Abstract

The detection of short exons is a challenging open problem in the field of bioinformatics. Due to the fact that the weakness of existing model-independent methods lies in their inability to reliably detect small exons, a model-independent method based on the singularity detection with wavelet transform modulus maxima has been developed for detecting short coding sequences (exons) in eukaryotic DNA sequences. In the analysis of our method, the local maxima can capture and characterize singularities of short exons, which helps to yield significant patterns that are rarely observed with the traditional methods. In order to get some information about singularities on the differences between the exon signal and the background noise, the noise level is estimated by filtering the genomic sequence through a notch filter. Meanwhile, a fast method based on a piecewise cubic Hermite interpolating polynomial is applied to reconstruct the wavelet coefficients for improving the computational efficiency.
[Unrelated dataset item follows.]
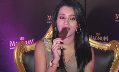 The name of Trisha’s ice cream is called Magnum and dressed in a chocolate color outfit, Trisha also looked tempting like an ice cream. She has also got few Tamil films in her bag but Tollywood has not been giving her the preference like before. But then, she has got one film ‘RUM’ in Telugu being produced by M S Raju so it looks like things are going smooth for this Chennai girl.

In addition, the output measure of a paired-numerical representation calculated in both forward and reverse directions is used to incorporate a useful DNA structural property. The performances of our approach and other techniques are evaluated on two benchmark data sets. Experimental results demonstrate that the proposed method outperforms all assessed model-independent methods for detecting short exons in terms of evaluation metrics.

Highlights

  • As an initial step in the analysis of eukaryotic genome sequences, detecting exons would lead to a good understanding of the structure and function of a protein that is synthesized by these exons [1, 2]

  • We have evaluated the general performances of three other methods: exon prediction by nucleotide distribution (EPND) [25], modified Gabor-wavelet transform (MGWT) [26] and fast Fourier transform plus empirical mode decomposition (FFTEMD) [27]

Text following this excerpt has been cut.